Успенский владел языком, владел в совершенстве. У меня нет другого сравнения, Успенский мог написать так идеально, что даже Альберт Эйнштейн почувствовал бы зависть. У него был замечательно вышколенный, логический ум. Вы должны прочитать одну из его книг, Tertium Organum (Ключ к загадкам мира). Это редкий феномен. В самом начале книги, Успенский говорит, "В мире есть всего три книги: первая из них Аристотелевский Органон, первый инструмент мысли; вторая – книга Бэкона "Новый Органон", второй принцип мышления; и третья – " Tertium Organum ". Tertium Organum означает третий канон мысли. Успенский сказал, и это не было сказано из гордости или эгоизма, "Даже до того, как появились первые два, третий уже существовал." В своей книге он говорил, "Я принес само основание всего знания." И это не эгоизм, книга действительно исключительна.

Все усилия Гурджиева зависели от тесного сотрудничества между ним и Успенским. Он должен был вести, а Успенский должен был все формализовать, сформулировать, оформить в виде структуры. Душа исходила от Гурджиева, а тело поддерживал Успенский, но в середине пути Успенский предал его. Он просто бросил Гурджиева.
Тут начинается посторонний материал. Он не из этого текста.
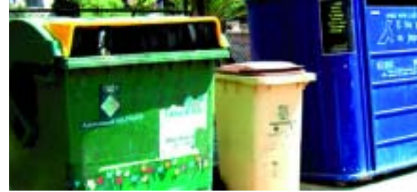
Contenidors de reciclatge del Papiol

Així doncs, per tal de millorar la participació de la població i recuperar molts més residus, l'Ajuntament del Papiol ha engegat una campanya de reforç de la recollida selectiva de la brossa orgànica, que es centra la importància en separar-la correctament (sense bossa de plàstic, ni altres materials inorgànics que la puguin contaminar) i deixar-la al contenidor beix amb tapa marró.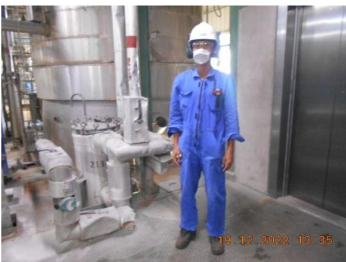
รูปที่ 11 พนักงานสวมใส่อุปกรณ์ป้องกันเสียง

Такая возможность всегда есть, потому что он был интеллектуалом до мозга костей, а Гурджиев был анти‑интеллектуалом. Было практически невозможно сохранить между ними сотрудничество.

Гурджиев требовал чтобы ученик полностью сдался, Мастер всегда этого требует, но для Успенского это было трудным, как и для любого ученика. А когда ученик слишком умный, это трудно вдвойне. Постепенно, Успенский начал думать, что он узнал уже все что возможно. Интеллигенция с легкостью обманывается таким образом. Он был настолько умен, что сформулировал все, и начал чувствовать что уже знает. Тогда, шаг за шагом между ними начал появляться разрыв.